Across the country, utilities are experiencing rapid growth in interconnection applications for DERs and they’re finding it challenging to manage. Overburdened and outdated interconnection procedures that rely on manual review and approval drive most of the setbacks that utilities face. These procedures have become a major bottleneck toward increasing access to DERs and decarbonizing the power sector. Fortunately, researchers, regulators, activists, and utility staff are identifying new ways to process high volumes of DER applications as quickly and efficiently as possible while ensuring reliable grid operation and limiting costly infrastructure upgrades. These efforts are supported by a modeling approach known as hosting capacity analysis (HCA). HCA simulates existing grid conditions to determine the extent that the grid can accommodate or “host” DERs.
In this post, we dive into the ways DER interconnection procedures are evolving and how HCA can help. We’ll then discuss recent Cadeo research findings that show how common DER installations affect (and often improve) hosting capacity on a distribution system. Finally, we will tie it back to interconnection. We’ll explain how an HCA-based interconnection process can optimize the benefits of DER installations.
Modernizing DER Interconnection Processes
In the early days of DER adoption, utilities analyzed each DER application independently through a time- and resource-intensive system impact study.

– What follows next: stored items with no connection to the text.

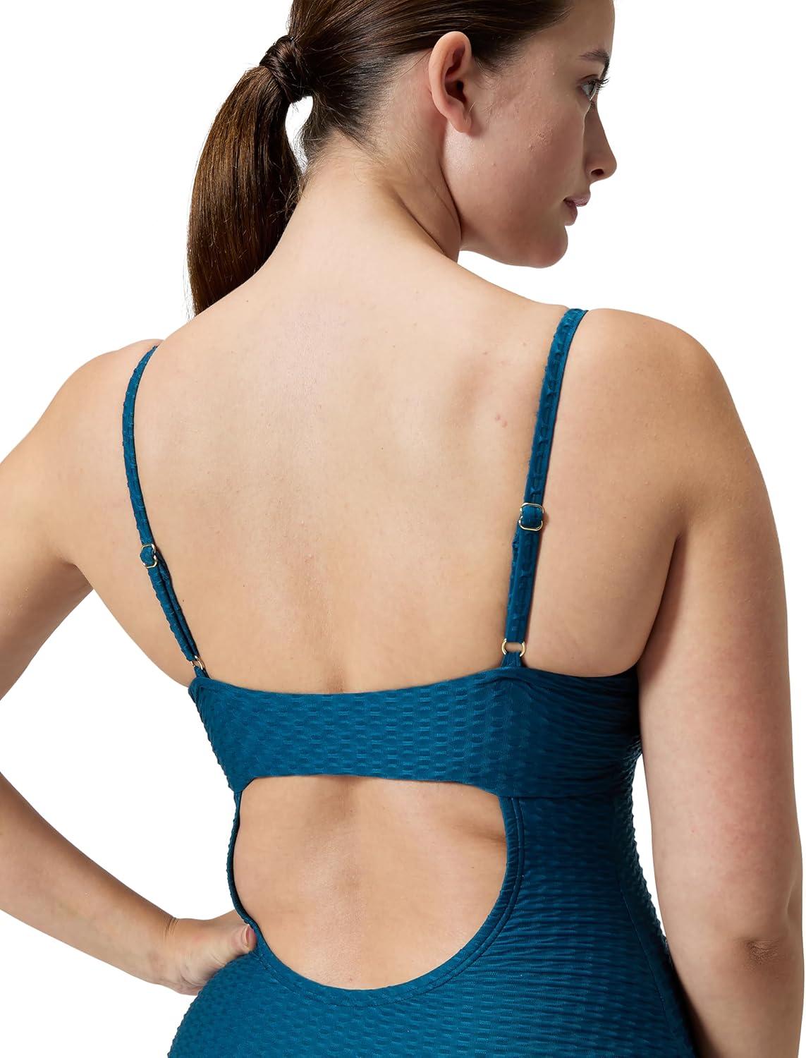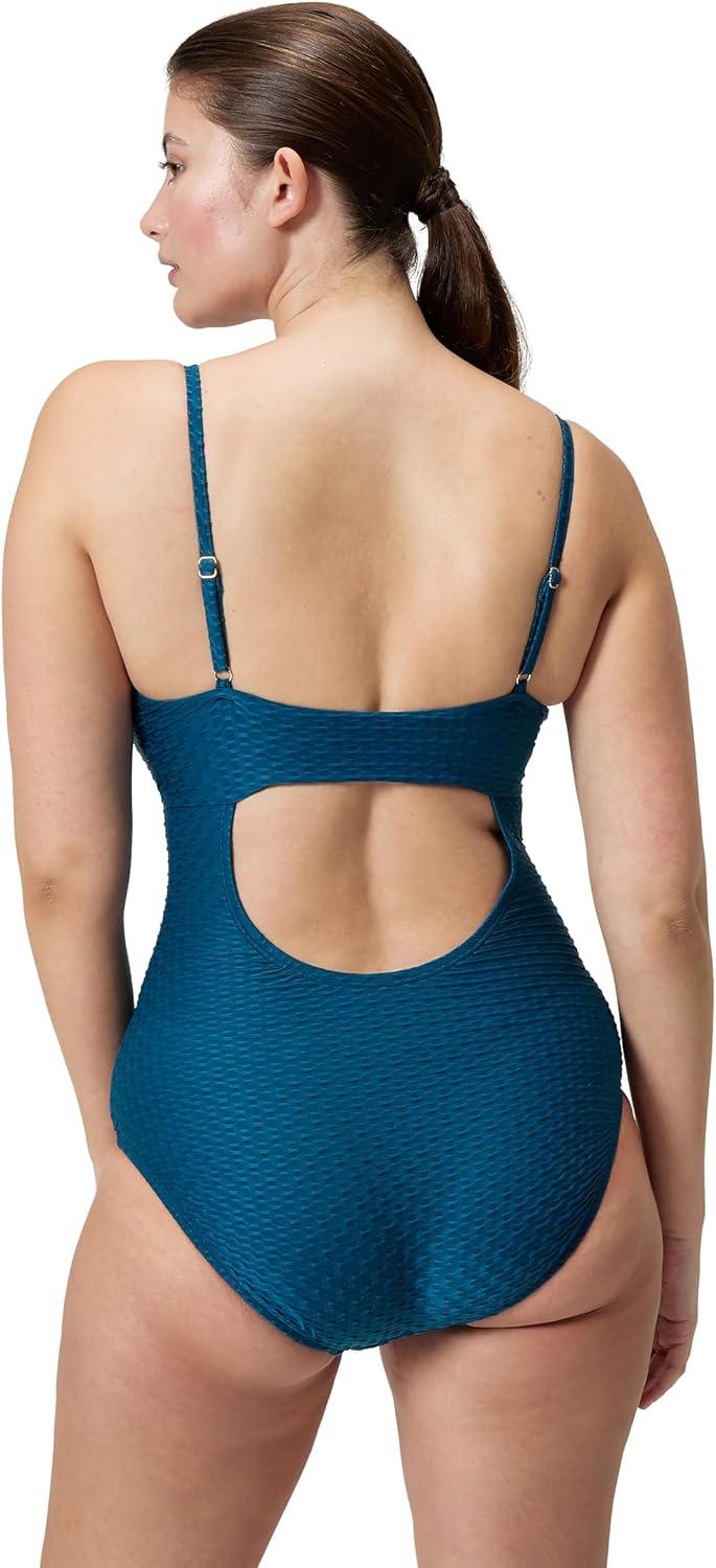 Speedo Womens Swimsuit One Piece V-Neck Strappy Back Contemporary Cut(Adjustable Dark Teal)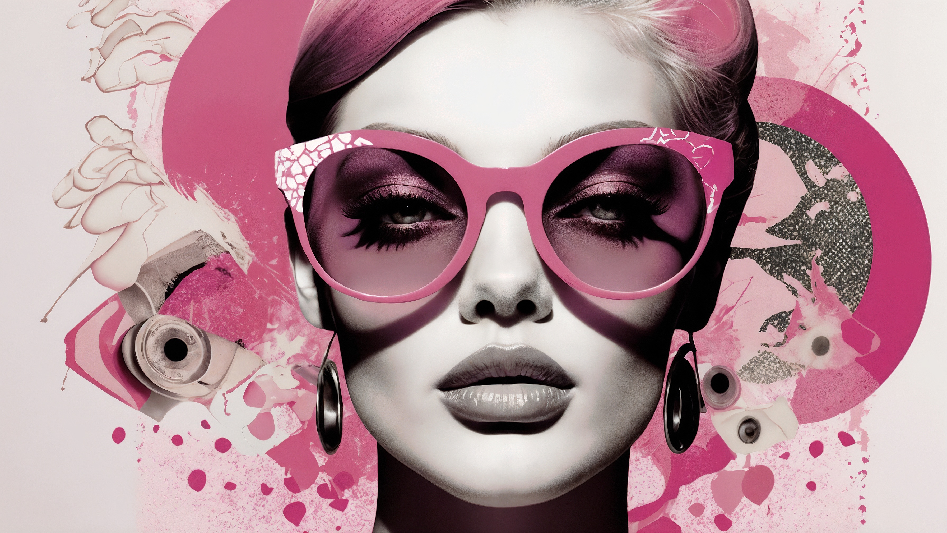 A stylish woman wears pink sunglasses and poses confidently with highlighted eyes and makeup in bold pink tones. Her hair flows elegantly, blending into the pink and white floral collage background with artistic, fashion-forward flair. Pink-tinted shadows enhance depth and contrast, adding sophistication to the fashion illustration’s vivid palette.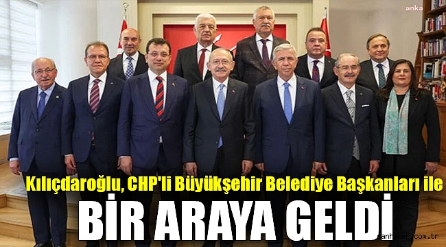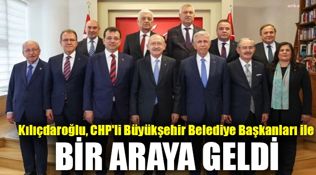 Cumhuriyet Halk Partisi (CHP) Genel Başkanı Kemal Kılıçdaroğlu, CHP'li büyükşehir belediye başkanlarını bugün Genel Merkez'deki makamında kabul etti. Görüşmeye İstanbul Büyükşehir Belediye Başkanı Ekrem İmamoğlu, Ankara Büyükşehir Belediye Başkanı Mansur Yavaş, İzmir Büyükşehir Belediye Başkanı Tunç Soyer, Adana Büyükşehir Belediye Başkanı Zeydan Karalar, Mersin Büyükşehir Belediye Başkanı Vahap Seçer, Tekirdağ Büyükşehir Belediye Başkanı Kadir Albayrak, Eskişehir Büyükşehir Belediye Başkanı Yılmaz Büyükerşen, Antalya Büyükşehir Belediye Başkanı Muhittin Böcek, Muğla Büyükşehir Belediye Başkanı Osman Gürün, Aydın Büyükşehir Belediye Başkanı Özlem Çerçioğlu katıldı.Hatay Büyükşehir Belediye Başkanı Lütfü Savaş ise bölgede deprem sonrası yürütülen çalışmalar nedeniyle toplantıya katılmadı.Kılıçdaroğlu'na görüşmede CHP Yerel Yönetimlerden Sorumlu Genel Başkan Yardımcısı ve Ordu Milletvekili Seyit Torun eşlik etti.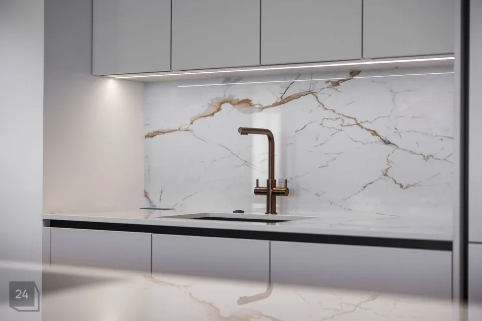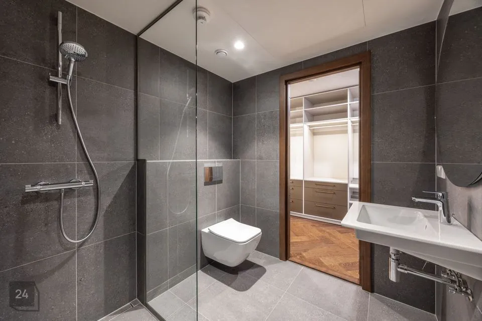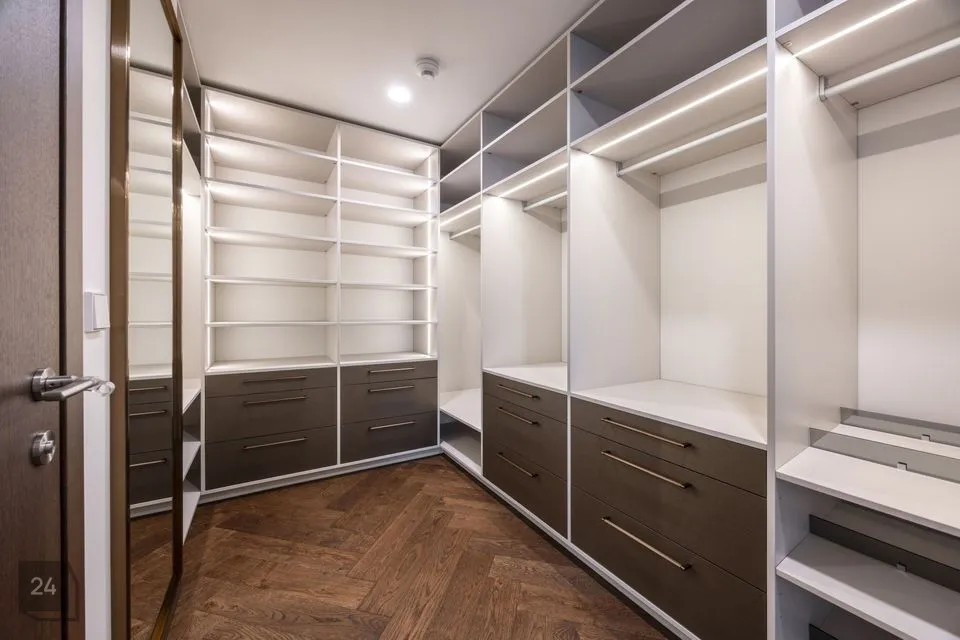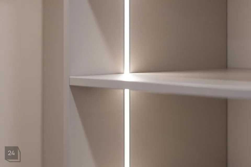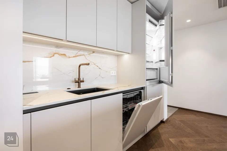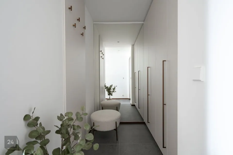 Ka kõik ülejäänud sisseehitatud mööbel – garderoobid, riiulid ja muu sisustus – on samuti pärit Schmidtilt, tagades kogu korteris ühtlase stiili ja kõrgetasemelise viimistluse.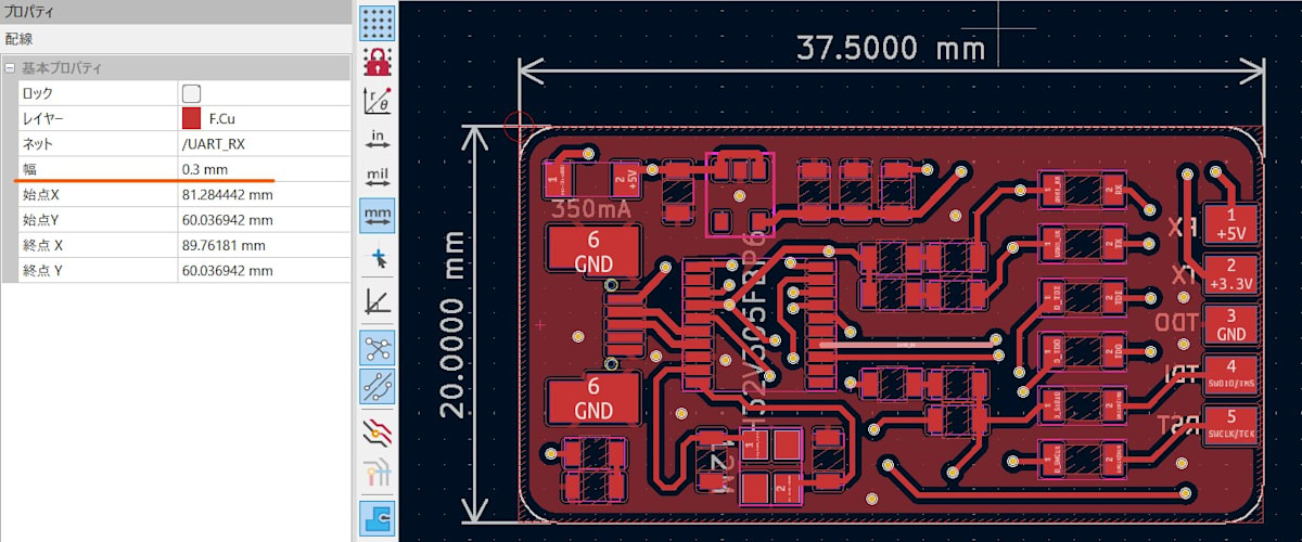 という観点で検証します。上記のPCBデータからガーバーデータを作成します。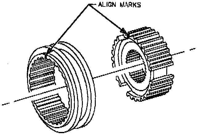 IMPORTANT: When installing synchronizer hub-and sleeve, make sure alignment marks face up.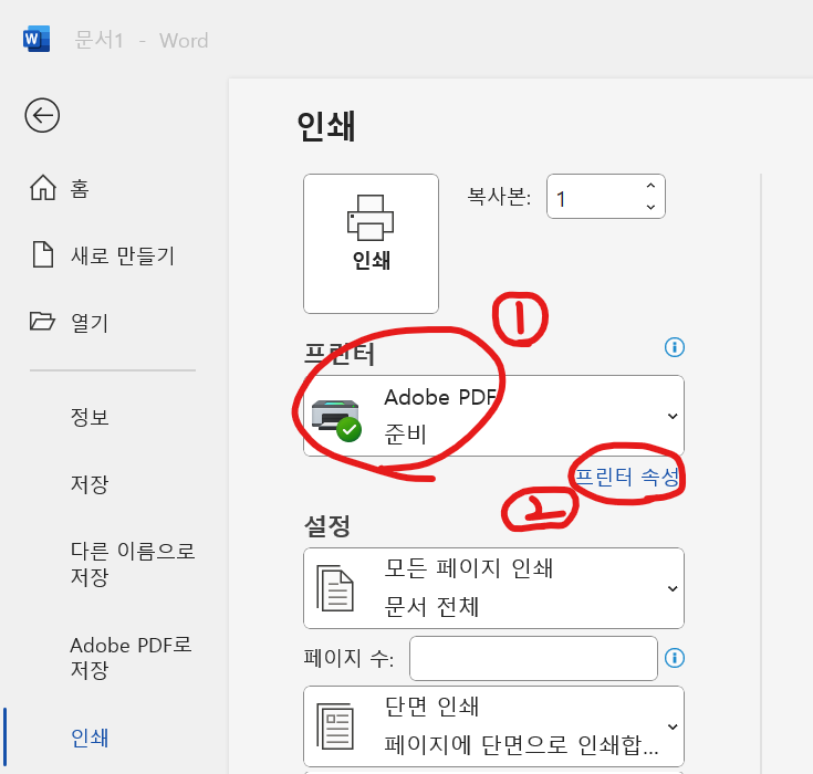오류를 해결하기 위해서는 프린터 속성에서 문서 글꼴 사용 안 함을 체크해주셔야 합니다. 이 설정을 위해서는 일단 변환할 파일을 열어서 Ctrl+P 인쇄 메뉴를 열어줍니다. 여기서 프린터에서 Adobe PDF를 선택합니다.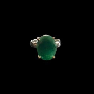 Large oval emerald statement ring set in sterling silver size 7-1/2.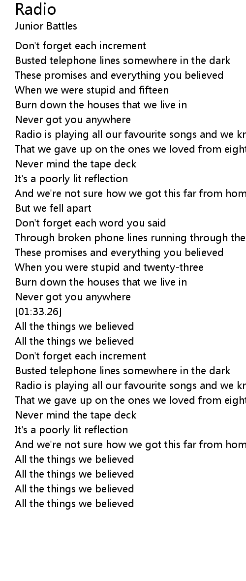 Radio is playing all our favourite songs and we know |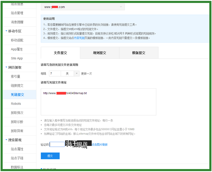 將瀏覽器地址: 提交百度站長工具 其中XXX代表域名,點擊左側死鏈提交,填寫更新時間,以及死鏈文件地址即可!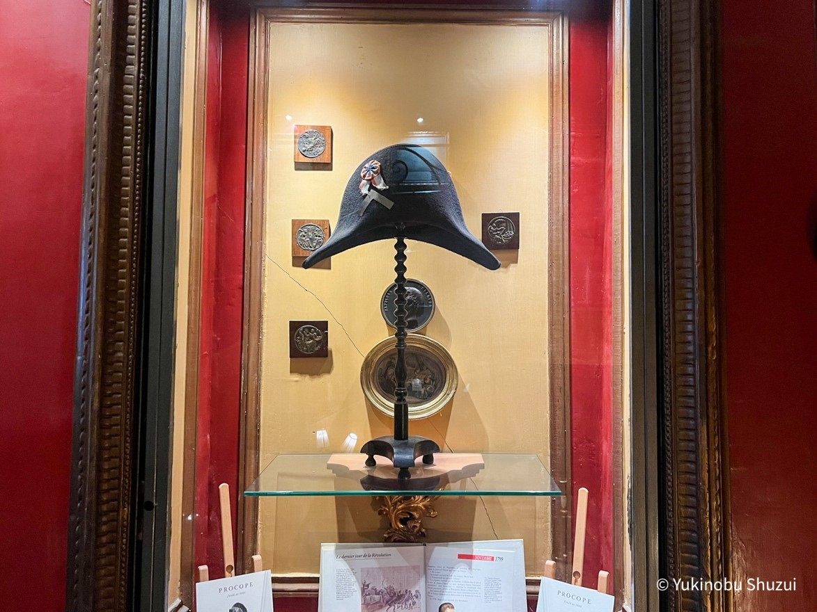 ル・プロコープは豪華な内装で、当時多くの人を集めました。18世紀には作家やジャーナリストたちが集う店になっており、ナポレオンも訪れたそうです。店内の階段を上がった2階には、当時ナポレオンが勘定代わりに置いていったといわれている帽子が今も残され、飾られています。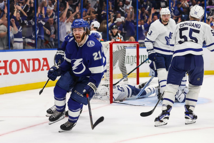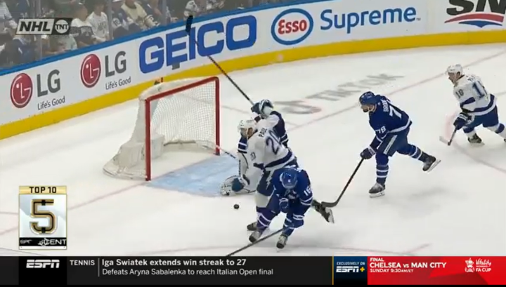 闪电可不想让系列赛终结于坦帕湾。在G6比赛中,闪电也是先进两球,其中奇雷利的进球把乔达诺搞得毫无脾气可言。不过枫叶强势给出回应,奥斯顿·马修斯的进球属于常规操作。最后一分钟,枫叶连续发威,斯佩扎带球分给塔瓦雷斯,塔瓦雷斯射门被瓦西列夫斯基用手套扑出,但斯佩扎把球补进,枫叶扳平比分。26秒后,凯尔福特在边板墙把球交给威廉·尼兰德,后者回传给塔瓦雷斯,塔瓦雷斯Snap Shot再次攻破瓦西列夫斯基把守的球门。枫叶第二节结束已经把比分反超了。第三节,闪电抓住5打3的大好机会,波因特回传库切罗夫,后者得球后蓄力一杆,球打了杰克·坎贝尔的左手套侧取得进球!此后闪电把3:3的比分保持到常规时间结束。首个加时赛还剩最后2分钟结束之际,黑格尔抢断奥斯顿·马修斯,闪电发动反击,吉隆第一下射门被挡,波因特补射得手!卫冕冠军4:3取胜,将比赛带入抢七。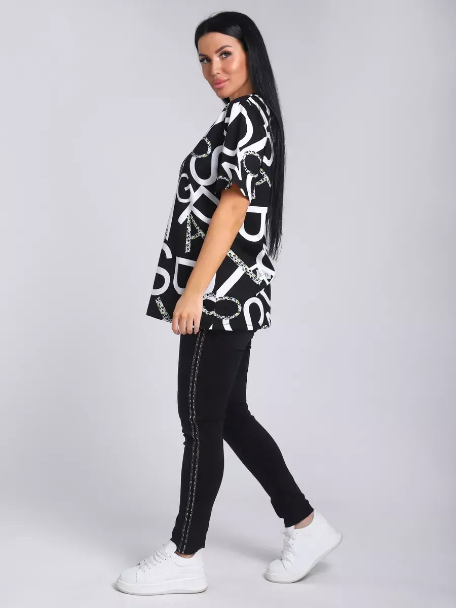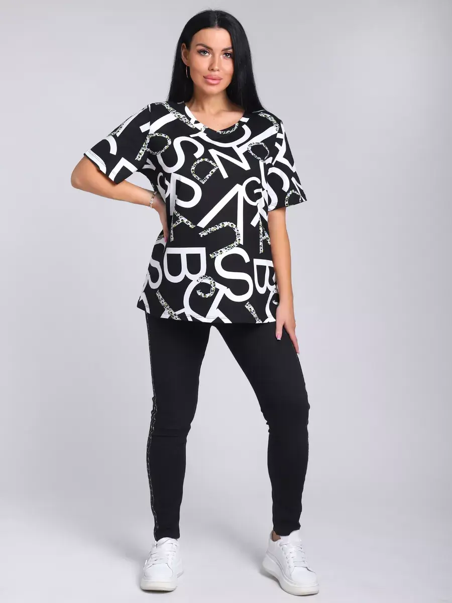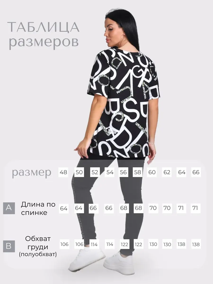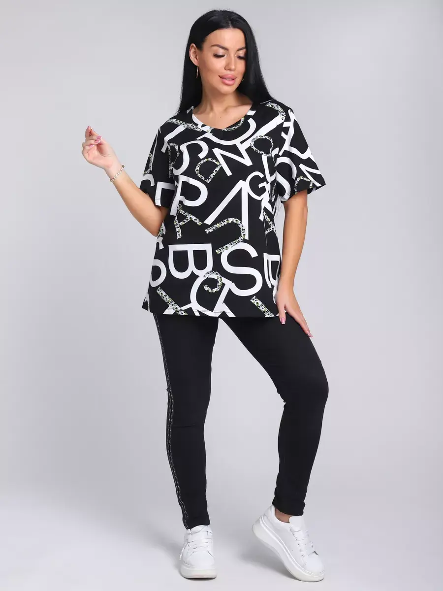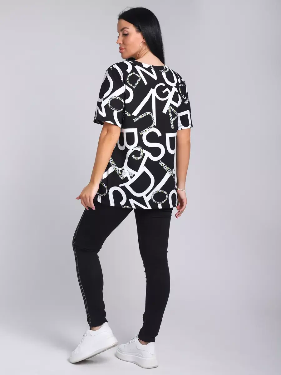 Футболка женская из хлопка с лайкрой, производства Турции. Модель футболки удлинённая с V-образной горловиной, подойдет на любой тип фигуры. Модный принт на ткани футболки будет отлично сочетаться с любым низом. Футболка свободная имеет широкий размерный ряд с 48 по 70 размер, позволит подобрать Вам подходящий размер. Желаем удачных покупок!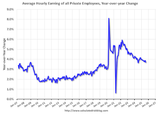 The graph shows the nominal year-over-year change in “Average Hourly Earnings” for all private employees from the Current Employment Statistics (CES).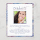 Eine preisgünstige, moderne Abschluss-Ankündigung, gedruckt auf 4,5x5,6-Zoll-Leichtpapier statt auf einem mehrfarbigen Pinselstrich GRADUATE-Titel auf der Vorderseite und 4 Fotos (eine Foto-Collage von 3 Aufnahmen auf der Vorderseite und 1 auf der Rückseite). Auf der Rückseite finden Sie ein optionales Textfeld, das Sie mit Ihren individuellen Informationen über Ihren Absolventen personalisieren können. Ideal für konservative Budgets und/oder Handarbeit. HILFE: Für Hilfe bei der Modifikation/Personalisierung des Designs, bei Farbänderungen, bei der Übertragung des Designs auf ein anderes Produkt oder wenn Sie die Dinge koordinieren möchten, wenden Sie sich bitte an den Designer, BEVOR Sie über Zazzle Chat oder makeitaboutyoustore@gmail.com bestellen.

In a system impact study, an engineer analyzes how the proposed DER would interact with the circuit it connects to and determines whether the DER’s operation would cause issues that could necessitate distribution system equipment upgrades. This method works when DER applications are few and far between. However, it becomes impractical when the volume of applications spikes.
California first developed a set of interconnection screening rules, and soon after the Federal Energy Regulatory Commission (FERC) also adopted similar screens. FERC’s screening rules were part of their Small Generator Interconnection Agreements and Procedures guidance first published in 2005. These screening questions allow DERs to interconnect without detailed assessment if they meet the requirements of a few rule-of-thumb metrics. One such screening metric is the “15% rule” for peak feeder load. This rule states that a DER may interconnect if its nameplate capacity is less than 15% of peak feeder load. Most utilities with interconnection processes have adopted all or most of FERC’s recommended technical screens.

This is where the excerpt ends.